Barry Bluestein: It is fabulous. Not only is the book fabulous, but they are fabulous. Kevin and I started a radio show, here in Chicago about five weeks ago, on public radio. The radio station is WILL, as in Illinois. The name of the show is Stirring It Up With Barry And Kevin. We are on WILL 580 at 10 a.m. every Sunday morning. We come on before Car Talk. We had John (Brecher) and Dorothy (J. Gaiter) on. Not only is their book good, but they are a delightful couple.

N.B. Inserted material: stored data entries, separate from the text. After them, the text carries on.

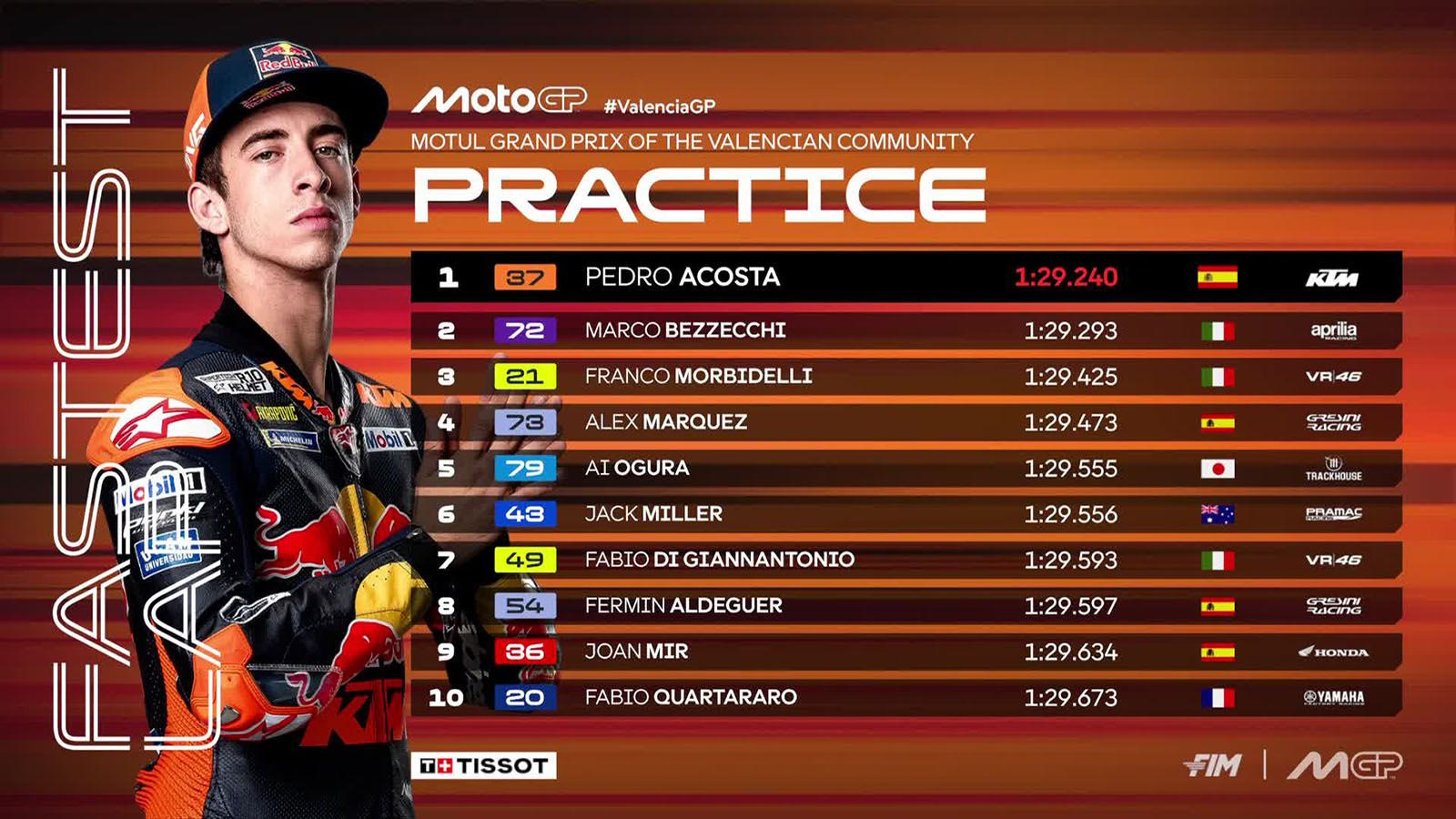 Ο Πέδρο Ακόστα της ΚΤΜ και ο Μάρκο Μπετζέκι της Aprilia χωρίστηκαν από μόλις μισό δέκατο του δευτερολέπτου στην κορυφή των χρονομετρημένων δοκιμών του MotoGP της Βαλένθια, στην Ισπανία, ενώ ο Πέκο Μπανάια και ο Χόρχε Μαρτίν θα πρέπει να παλέψουν στο Q1 των αυριακών δοκιμών κατάταξης.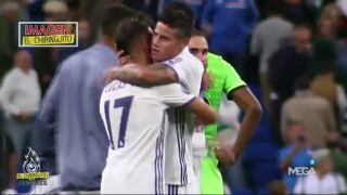 El colombiano James Rodríguez demostró ser una pieza importante dentro del vestuario del Real Madrid. Descubre las imágenes exclusivas de El Chiringuito sobre el partido del número 10 del equipo dirigido por Zidane.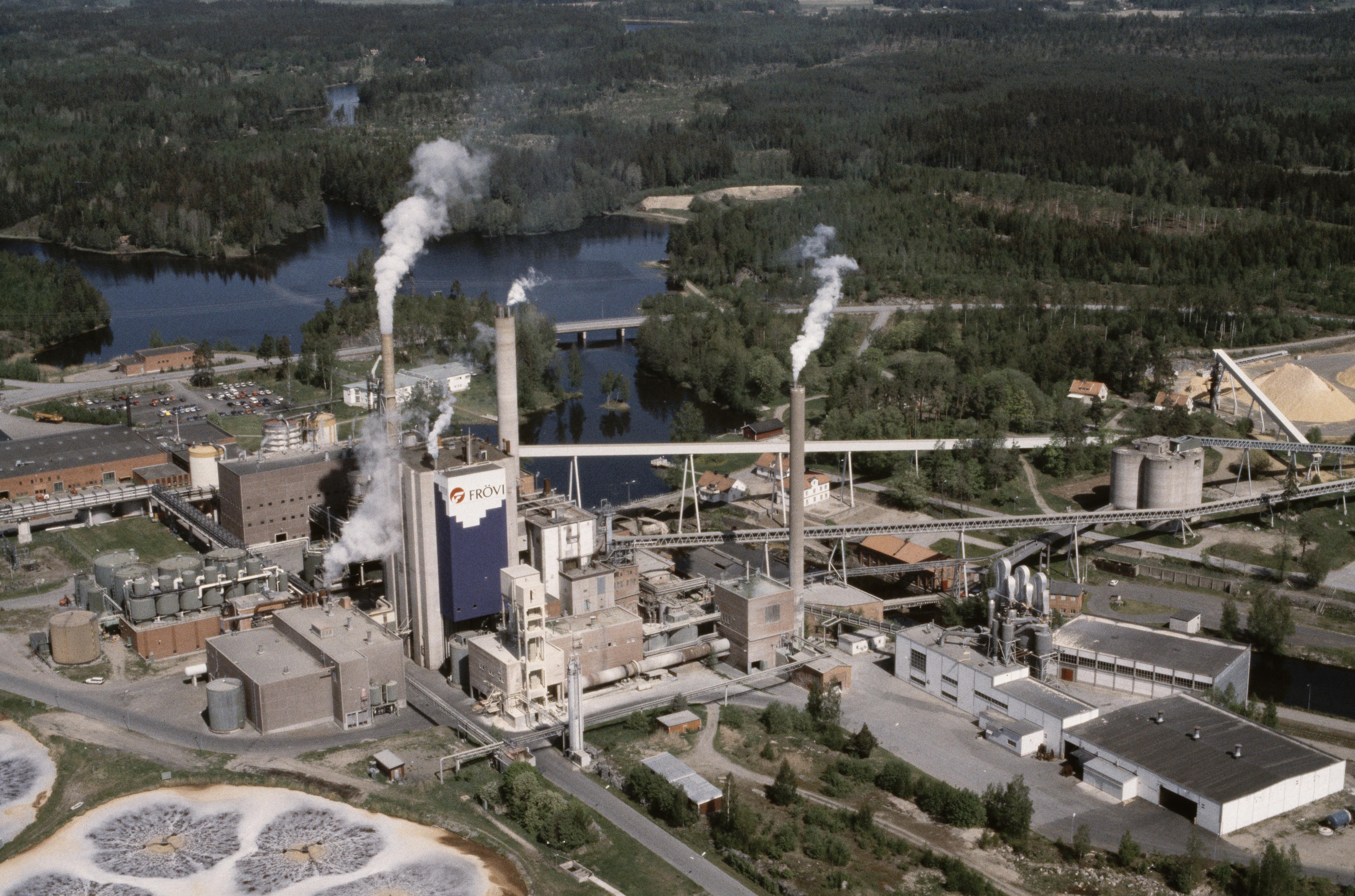 Beskrivning: Frövifors pappersbruk i Fröviåns dalgång. Reningsbassäng nere till vänster. Frövifors herrgård till höger om bildens mitt. I området fornminnen träindustri RAÄnr Näsby 123, hammarområde Näsby 121, kvarn Näsby 122 m.fl. Bilden är tagen mot (väderstreck): N

Cheri Sicard: That really comes across in their writing. It's just like having your friends tell you about wine. It's not stuffy. It's just a really great book.
Barry Bluestein: Their recommendations, we have taken them and we have used them, and they are right. Usually with wine books, they are stuffy, they talk down to you, you are made to feel like you're a moron that you've picked this book up. Why are you reading this? You should know this. Here is a couple who obviously have discovered wine and enjoy it, and they are passing on the information. The wine recommendations are inexpensive and great.

Cheri Sicard: How do you and Kevin work together? Obviously, very well, but how do you divide the duties?
Barry Bluestein: We have a rule. When we started writing, which was twelve years ago now, we set a rule. I cook, he writes. He doesn't pick up a pan, I don't sit at the computer. We started once doing both and there were fights. Everyone thinks they are right. We realized that he is a much better writer than I, and I am a much better cook than he. So we go with our strengths. We feel it's one of those cases where the sum of the parts are greater than equal.

Cheri Sicard: That's evident in your books. They are really wonderful. Thank you so much for taking the time to talk with us.
Barry Bluestein: Thank you for having me.